# Text cleaning heuristics
This script shows how to clean the newspaper corpus very conservatively. Nothing is done to correct OCR mistakes, we only aim to remove obvious OCR noise and text that is not in Swedish.

In [1]:
import re
import fasttext

The input file is text file with empty lines between documents.

In [2]:
with open('/data/corpus-v2/small_news.txt') as f:
    contents = f.read()

docs = contents.split('\n\n')

We use the [fasttext language identification model](https://fasttext.cc/docs/en/language-identification.html) in order to tell whether a document is in Swedish or not. 

In [3]:
model_path = "/home/elena/Workspace/news/lid.176.bin"
model = fasttext.load_model(model_path)



In [4]:
def lang_id(doc):
    text = doc.replace("\n", " ")
    lang = model.predict(text)[0][0]
    if "sv" not in lang:
        return False
    else:
        return True

We count the numbers, letters, spaces and punctuation in the text. Numbers and punctuation ("other") we consider as junk, i.e. not text, and if the ratio of junk to letters is higher than a certain threshold (in this case 0.5) we consider the text as waste.

In [5]:
def count_char(doc):
    numbers = 0
    letters = 0
    spaces = 0
    other = 0
    for c in doc:
        if c.isalpha():
            letters += 1
        elif c.isdigit():
            numbers += 1
        elif c.isspace():
            spaces += 1
        else:
            other += 1
    return numbers, letters, spaces, other

In [6]:
def letter_ratio(doc):
    numbers, letters, spaces, other = count_char(doc)
    try:
        junk = numbers+other
        if junk/letters > 0.5:
            return False
        else:
            return True
    except ZeroDivisionError:
        return False

We substitute sequences of punctuation marks and spaces that are longer than 3 characters with only the first occurrence.

In [7]:
def reduce_punct(doc):
    doc = re.sub(r'([^a-zA-Z0-9\s] ?){3,}', r'\g<1>', doc)
    return doc

The following function deals with repeated characters. We make a distinction between OCR material and natively digital material.
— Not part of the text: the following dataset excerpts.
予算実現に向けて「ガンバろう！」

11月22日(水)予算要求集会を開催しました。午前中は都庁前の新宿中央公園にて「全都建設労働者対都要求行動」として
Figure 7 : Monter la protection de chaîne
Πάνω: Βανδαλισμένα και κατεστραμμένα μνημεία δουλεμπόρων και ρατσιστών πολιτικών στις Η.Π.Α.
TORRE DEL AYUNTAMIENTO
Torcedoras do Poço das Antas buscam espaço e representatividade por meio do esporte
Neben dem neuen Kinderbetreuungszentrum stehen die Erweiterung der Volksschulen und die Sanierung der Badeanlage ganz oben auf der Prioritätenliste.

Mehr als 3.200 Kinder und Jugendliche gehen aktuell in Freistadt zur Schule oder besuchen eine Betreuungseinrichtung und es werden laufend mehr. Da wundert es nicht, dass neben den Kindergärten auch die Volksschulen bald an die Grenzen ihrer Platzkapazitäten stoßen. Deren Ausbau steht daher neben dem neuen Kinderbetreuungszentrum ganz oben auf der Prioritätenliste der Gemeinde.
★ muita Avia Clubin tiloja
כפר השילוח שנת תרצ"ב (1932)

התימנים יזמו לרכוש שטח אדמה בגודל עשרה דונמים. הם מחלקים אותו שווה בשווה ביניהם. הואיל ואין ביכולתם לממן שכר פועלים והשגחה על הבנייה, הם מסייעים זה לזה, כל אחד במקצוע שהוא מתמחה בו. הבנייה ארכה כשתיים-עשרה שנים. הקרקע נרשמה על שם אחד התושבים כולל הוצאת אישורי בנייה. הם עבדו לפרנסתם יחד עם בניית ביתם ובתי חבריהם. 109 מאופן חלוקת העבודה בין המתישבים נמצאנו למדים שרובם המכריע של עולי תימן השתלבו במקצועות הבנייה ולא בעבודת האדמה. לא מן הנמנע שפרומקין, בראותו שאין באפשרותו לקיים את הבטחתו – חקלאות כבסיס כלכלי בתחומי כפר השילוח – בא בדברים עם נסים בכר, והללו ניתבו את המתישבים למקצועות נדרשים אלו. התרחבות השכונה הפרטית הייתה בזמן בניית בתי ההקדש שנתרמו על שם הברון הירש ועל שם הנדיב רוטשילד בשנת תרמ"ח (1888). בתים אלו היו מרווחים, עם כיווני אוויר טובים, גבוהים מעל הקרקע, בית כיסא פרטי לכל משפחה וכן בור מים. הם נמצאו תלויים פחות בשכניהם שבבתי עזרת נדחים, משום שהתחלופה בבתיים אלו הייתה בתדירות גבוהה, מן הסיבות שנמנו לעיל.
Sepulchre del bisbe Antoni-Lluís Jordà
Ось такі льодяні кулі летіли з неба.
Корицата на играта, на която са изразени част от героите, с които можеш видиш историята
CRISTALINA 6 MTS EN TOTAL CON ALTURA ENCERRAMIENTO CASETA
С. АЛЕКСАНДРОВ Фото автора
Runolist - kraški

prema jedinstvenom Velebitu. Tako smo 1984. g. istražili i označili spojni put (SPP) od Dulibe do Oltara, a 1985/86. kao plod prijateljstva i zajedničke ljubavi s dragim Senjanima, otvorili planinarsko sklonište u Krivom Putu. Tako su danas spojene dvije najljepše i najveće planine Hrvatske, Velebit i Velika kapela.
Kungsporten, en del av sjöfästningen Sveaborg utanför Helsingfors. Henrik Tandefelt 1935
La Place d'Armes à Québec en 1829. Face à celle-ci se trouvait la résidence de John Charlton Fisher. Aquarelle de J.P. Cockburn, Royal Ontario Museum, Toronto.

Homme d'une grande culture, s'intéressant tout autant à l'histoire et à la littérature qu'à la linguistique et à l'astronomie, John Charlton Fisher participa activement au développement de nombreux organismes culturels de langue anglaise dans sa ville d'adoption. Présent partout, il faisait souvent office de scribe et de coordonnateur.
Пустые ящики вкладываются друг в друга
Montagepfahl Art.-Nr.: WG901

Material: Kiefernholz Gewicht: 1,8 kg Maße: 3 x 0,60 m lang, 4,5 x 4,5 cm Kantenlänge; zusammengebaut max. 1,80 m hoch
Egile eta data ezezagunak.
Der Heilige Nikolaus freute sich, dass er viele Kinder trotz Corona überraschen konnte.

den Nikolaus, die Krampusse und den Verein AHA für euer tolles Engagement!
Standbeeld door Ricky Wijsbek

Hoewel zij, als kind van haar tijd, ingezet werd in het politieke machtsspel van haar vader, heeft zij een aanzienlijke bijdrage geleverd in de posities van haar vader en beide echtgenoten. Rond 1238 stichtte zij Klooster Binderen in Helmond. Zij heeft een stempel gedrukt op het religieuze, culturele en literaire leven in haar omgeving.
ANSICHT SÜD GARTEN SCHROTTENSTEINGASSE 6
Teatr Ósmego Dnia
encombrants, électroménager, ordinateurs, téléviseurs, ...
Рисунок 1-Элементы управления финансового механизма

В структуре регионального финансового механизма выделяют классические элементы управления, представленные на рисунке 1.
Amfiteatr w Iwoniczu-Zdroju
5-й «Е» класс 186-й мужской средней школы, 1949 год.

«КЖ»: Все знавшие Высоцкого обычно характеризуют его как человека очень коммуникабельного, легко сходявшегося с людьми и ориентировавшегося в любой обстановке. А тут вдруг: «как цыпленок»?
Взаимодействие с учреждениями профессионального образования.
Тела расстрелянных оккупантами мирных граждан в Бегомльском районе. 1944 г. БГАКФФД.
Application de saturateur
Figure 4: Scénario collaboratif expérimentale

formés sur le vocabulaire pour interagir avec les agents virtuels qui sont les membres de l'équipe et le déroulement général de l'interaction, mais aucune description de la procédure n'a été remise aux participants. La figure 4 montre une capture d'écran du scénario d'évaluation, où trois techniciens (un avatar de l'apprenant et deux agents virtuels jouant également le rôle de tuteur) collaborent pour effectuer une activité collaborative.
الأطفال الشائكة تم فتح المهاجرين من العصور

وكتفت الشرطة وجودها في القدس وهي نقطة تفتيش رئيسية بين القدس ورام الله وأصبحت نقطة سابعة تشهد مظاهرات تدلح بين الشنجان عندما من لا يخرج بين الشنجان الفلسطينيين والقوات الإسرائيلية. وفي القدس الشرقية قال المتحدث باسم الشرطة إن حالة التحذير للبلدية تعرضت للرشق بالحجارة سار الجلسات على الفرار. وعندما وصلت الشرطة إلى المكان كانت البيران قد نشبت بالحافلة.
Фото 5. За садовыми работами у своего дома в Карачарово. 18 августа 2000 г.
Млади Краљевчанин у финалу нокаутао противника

For the OCR material, repetitions are likely to be OCR mistakes since newspapers and other publications rarely contain colloquial language. In this case we simply remove the sequence of repeated characters. For digital material, expecially social media text, repetitions can be intentional as a feature of informal language, for example "sååååååå kul!", so we don't delete the whole sequence and we substitute it with only one occurrence instead.

In [8]:
def reduce_seq(doc, ocr):
    if ocr == True:
        doc = re.sub(r'([a-zA-ZäöåÅÖÄ])\1{3,}', '', doc)
    else:
        doc = re.sub(r'([a-zA-ZäöåÅÖÄ])\1{3,}', r'\g<1>', doc)
    return doc

In [9]:
clean_docs = []
waste = []

for doc in docs:
    if lang_id(doc) and letter_ratio(doc):
        doc = reduce_punct(doc)
        doc = reduce_seq(doc, True)
        clean_docs.append(doc)
    else:
        waste.append(doc)

This is an example of the kind of documents that are removed with this heuristics. Definitely looks like crap!

In [11]:
waste[:50]

['Ring 08 / 5015 60 för annonser under denna rubrik lllll !\nllll !\nllllllll !\nllll !\nllilll !\nllilllillliill ] l !\nlll !',
 'T « rp ?\nv5t » r : « \' s sknrtter it C & s ?\nt » tfof ÄftsaMwSeö och FolUpdi . ita8 " Vi 3 » ia « !\nt opp int dst togs för IV 2 : » teta « 9ia : t HflM * s - ttlckoma t « f ?',
 "Genoasen unc CcnowintiPn iJic ii He » ! ulw & gt ; n i !\nif Soel - irt « l » r Uf » I Hel Ku .\nWf dri I * n . ciA « 1 . t ur .\nK » t . ti - r tVaUl » & gt ; U . U ' fl litftf Cf . t .",
 "lll | ll !\nllli !\nIIIIIIIIIIIHUII ' llinillllli !\nii !",
 'HII !\nl !\nli !\ni !\nl !',
 "COMANCHE MOON ( DE ) h 6 år Joakim Lövgren : 4 U 14 . 1m 890 . 621 Löv Jo J 21 / 11 - 9 9 / 2140 d Ilag ti 18 , 68 70 ' 18 : 17 3 - 3 - 4 Löv Jo A 5 / 12 - 9 11 / 2140 3 14 , 0a cc 14 , 10 125 ' ia . n n _ n _ n - - - - * , 19 : 0 .\nDe här tvä utgör ett bra lås .\nSer ut som att det är de två som gör upp om det .\nOm ingen annan kan överraska ?",
 'Strukna , V5 - 1 : nr 2 och 5 .\nV5 - 2 : nr 8 och

In [12]:
with open("/data/home/elena/Workspace/corpus_cleaning/removed.txt", "w") as f:
    for doc in waste:
        f.write(doc+"\n\n")
        
with open("/data/home/elena/Workspace/corpus_cleaning/clean_text.txt", "w") as f:
    for doc in clean_docs:
        f.write(doc+"\n\n")